"It Feels Like A Privilege!" Sean Ono Lennon On Assisting With His Father's Legacy
Sean Ono Lennon is on ebullient form. The past 12 months have been difficult, sure, but the finish line is in sight. Escaping the city for upstate New York as the pandemic wound its course, he sheltered at home with his mother – the legendary artist and musician Yoko Ono – and became acquainted once more with the property that helped shape his childhood and adolescence.
“I’ve kinda gotten used to country life,” he explains. “I have an old studio in the barn on the property.
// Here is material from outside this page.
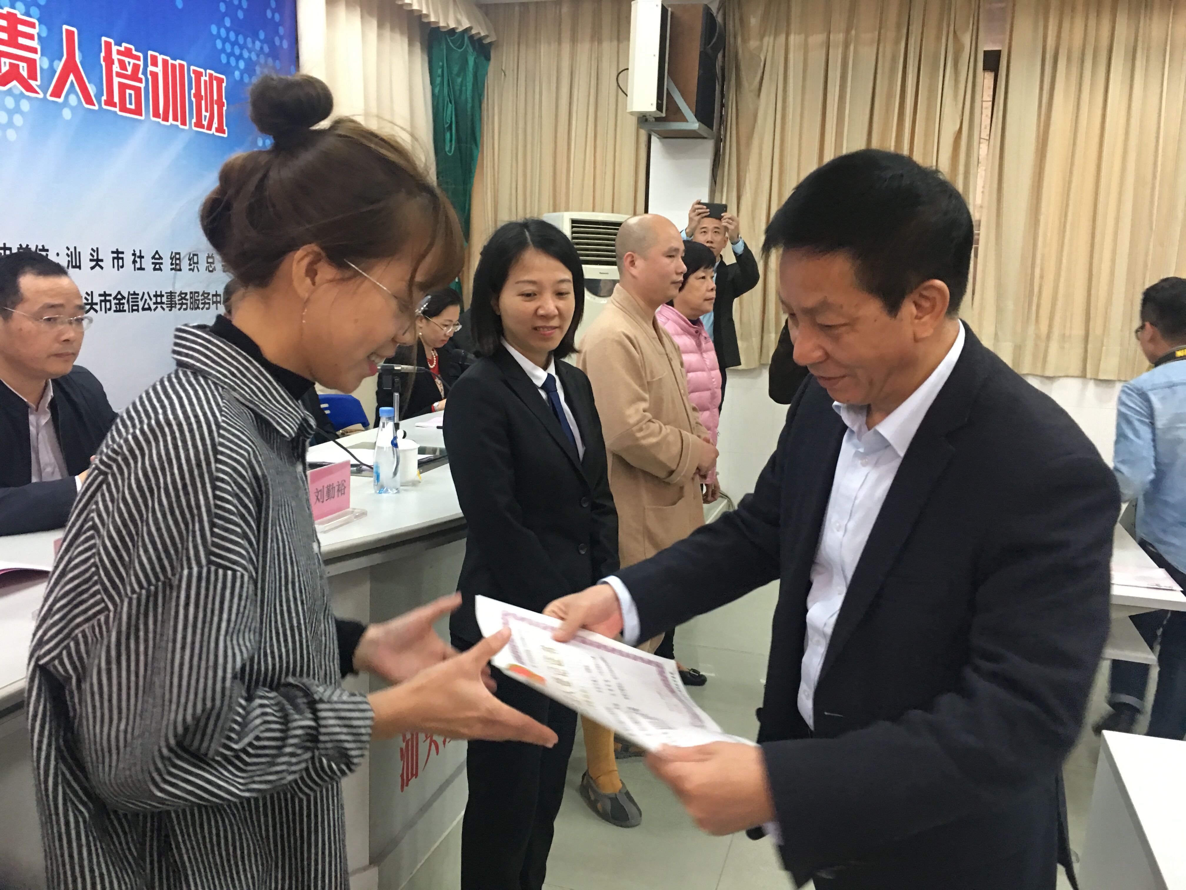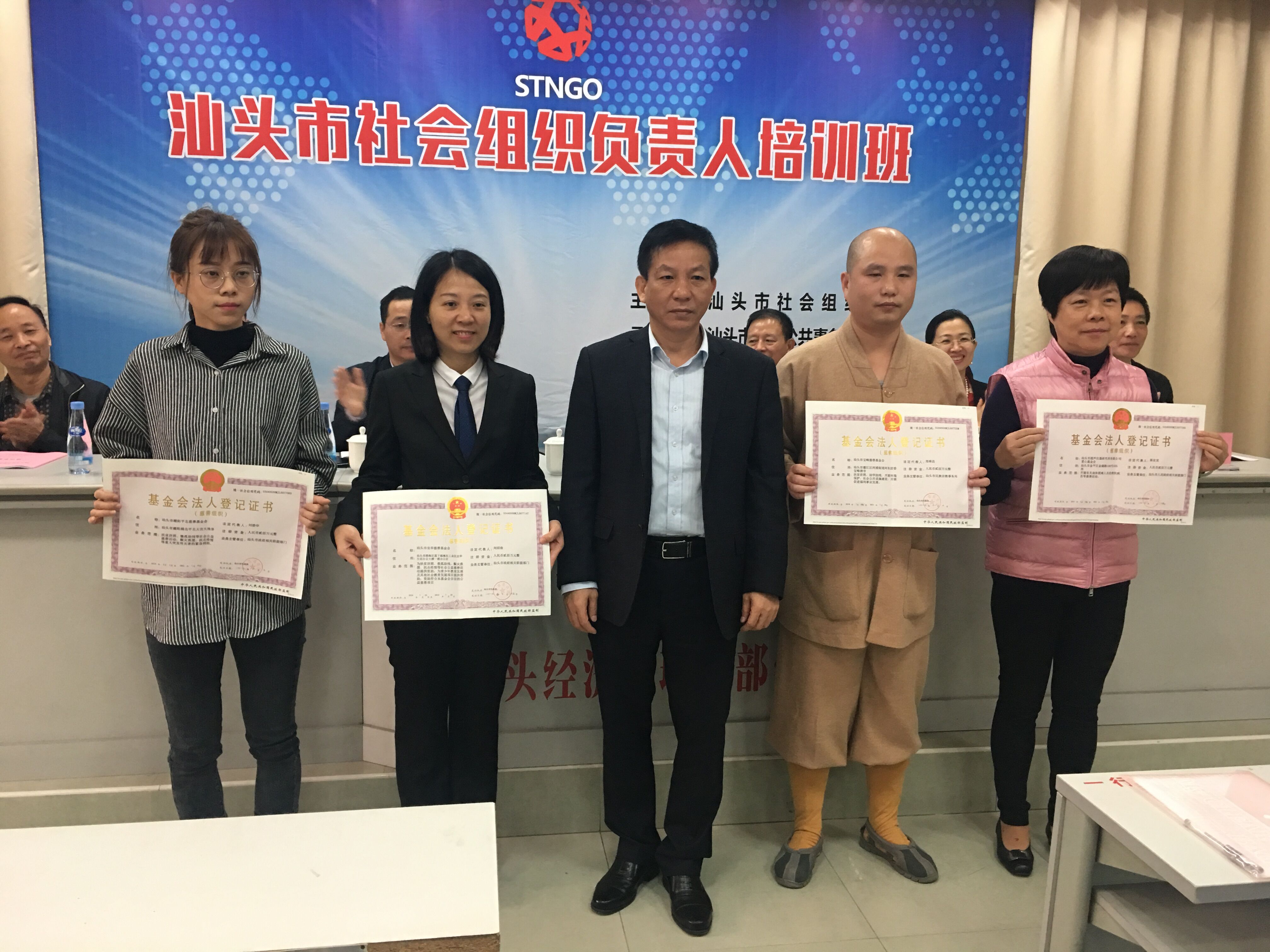 在培训班开班仪式上,汕头市民政局向汕头市朝阳平北慈善基金会、市宜华慈善基金会、市宝峰慈善基金会、市超声仪器有限公司慈善基金会代表颁发了慈善组织认定证书。

I’ve been lucky, in that I was buying analogue back in the 90s. In those days, everything was really cheap, you know? I’ve got a pretty good collection of weird analogue gear that now people think is so hard to get, but in those days, you could just go to a used shop and find a million of ‘em”.
Using Zoom, Sean’s been able to continue his work as a producer. The past few years have been particularly fruitful – a noted anglophile, he’s appeared in Fat White Family videos, producing a stunning album by the Moonlandingz, and worked on Insecure Men’s superb debut LP. Indeed, those connections are still strong – he’s working on a new Delirium album, helping Childhood singer Ben Romans Hopcraft on a fresh project, while also overseeing a new record by UK space cadets Temples.
“I’ve been producing remotely, basically,” he explains. “Which is actually… good. It’s odd. I know people who had already been working that way, remotely, just sending files. I did a little bit of that, like when I did the Lana Del Rey track. She sent me a vocal and a guitar, and then I did it here and sent it back. So I actually kind of like working that way, it’s interesting. I mean, it’s different.”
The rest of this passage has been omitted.